• Task objective
In the entries below, find the line with "Gratiae Organics Replenishing" and the line with "Fraai gestyleerd monument, in", then retype both and everything between them exactly. Do not copy the pictures.

• The data

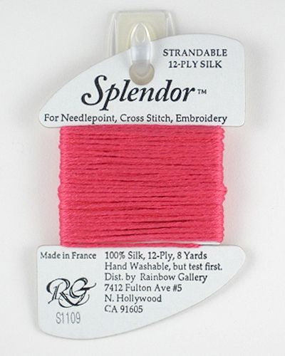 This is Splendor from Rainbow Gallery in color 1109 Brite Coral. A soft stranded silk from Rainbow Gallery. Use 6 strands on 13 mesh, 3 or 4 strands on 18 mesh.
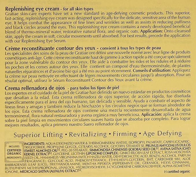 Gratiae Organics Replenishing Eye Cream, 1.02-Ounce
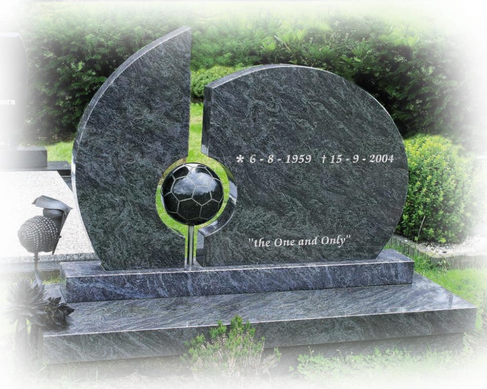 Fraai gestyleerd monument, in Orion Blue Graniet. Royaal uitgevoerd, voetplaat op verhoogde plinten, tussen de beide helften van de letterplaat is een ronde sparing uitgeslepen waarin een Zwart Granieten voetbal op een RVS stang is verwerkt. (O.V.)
==
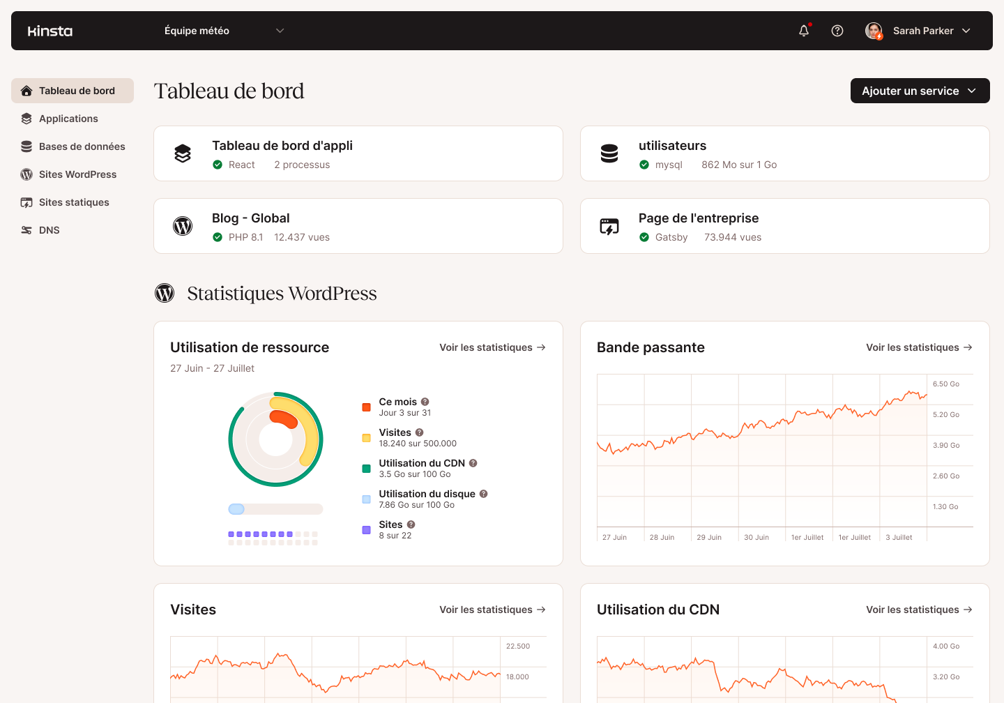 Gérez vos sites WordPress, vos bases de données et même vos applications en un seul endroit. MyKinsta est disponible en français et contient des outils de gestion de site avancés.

• Finished task
 Gratiae Organics Replenishing Eye Cream, 1.02-Ounce
 Fraai gestyleerd monument, in Orion Blue Graniet. Royaal uitgevoerd, voetplaat op verhoogde plinten, tussen de beide helften van de letterplaat is een ronde sparing uitgeslepen waarin een Zwart Granieten voetbal op een RVS stang is verwerkt. (O.V.)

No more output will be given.